|Wednesday, September 13, 2017||4:00PM - 6:00PM||108N, North House, 1 Devonshire Place|
Although political parties of the extreme right closely connected to (Neo)-Nazism have drawn most of the attention of researchers and pundits for a long time, the German public became aware of the self-stylized “New Right” only with the recent rise of new right-wing populist movements. However, immediately after the Second World War, intellectuals constituted a “New Right” that replaced National Socialist ideology of racial supremacy with concepts of ethnopluralism, referred to volkish movements, specifically the “Conservative Revolution,” prior to National Socialism, and adopted new strategies in the struggle for cultural hegemony. While antisemitism, a key element of Nazi ideology, allegedly has been erased from the “New Right’s” political agenda, it still functions as an important ideological and mobilizing factor. In this talk, Marcus Funck will discuss recent developments in the antisemitic discourse of the political right in Germany.
Marcus Funck, historian, is a research associate and Graduate Program Director at the Centre for Research on Antisemitism, Technische Universität Berlin.

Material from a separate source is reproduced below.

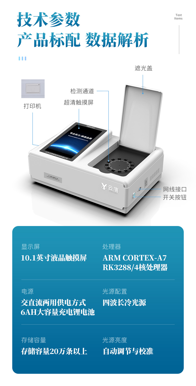 3、顯示屏幕:儀器采用10.1英寸豎向液晶觸摸屏顯,搭配運行安卓智能操作系統,主控芯片采用ARM Cortex-A7,RK3288/4核處理器,主頻1.88Ghz,操作方便,性能更強。

From 2006 to 2010, he was the DAAD Visiting Professor at the Canadian Centre for German and European Studies at York University. He is the co-editor of the Jahrbuch für Antisemitismusforschung and has published in the fields of modern German and European history. Currently, he is engaging in a “history of the present” exploring the historical archives of present-day radical nationalist thought and is preparing a book-length essay on the history of difference and sameness in Germany since 1800.